A new report by Mercer Human Resources Consulting shows that the cost of health benefits rose almost 15 percent in 2002 – the largest one-year rise since 1990.
“This is a leadership opportunity for the incoming Congress to reject the political climate that has led to the worst health care cost crisis in a decade,” Karen Ignagni, AAHP president and CEO, said. It is important to understand how the debate of the previous six years – which emphasized new litigation and more mandates and regulation, without addressing diminished market competition and fraudulent billing practices, has placed an unsustainable cost on America’s working families, and the businesses that employ them. Not since 1990 has the cost of providing health benefits risen so high so quickly – and consumers are paying the price.

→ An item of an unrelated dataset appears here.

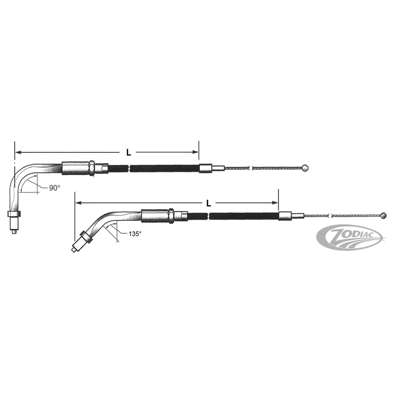 Note: Throttle cables are measured as casing length including the cable adjuster at the handlebar side and +-1/2″ (13mm) Lengths for idle cables are given as “matching with throttle cable length” and may be different, especially for models originally supplied with a fairing “Cruise Control” idle cables feature the roll-off switch as used on most OEM cables
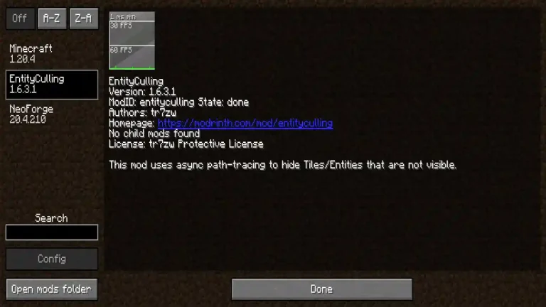 Entity Culling Mod para Minecraft 1.21, 1.20.6, 1.20.1 y 1.19.2

Ignagni continued, noting, “A recent study by PricewaterhouseCoopers reveals that last year alone, 27 cents of every new dollar of health care spending was driven by litigation, mandates and fraud. These three factors did not add value to the system, but they did add $18 billion in new health care spending, enough to have insured 6.8 million more Americans.
“We urge the next Congress to return to the issues that are important to working families – many of whom are struggling to maintain access to the care they need – by taking steps to improve affordability in the system. The bitter reality is that as consumers continue to pay more for their health care, trial lawyers and other special interests gain the most benefit.”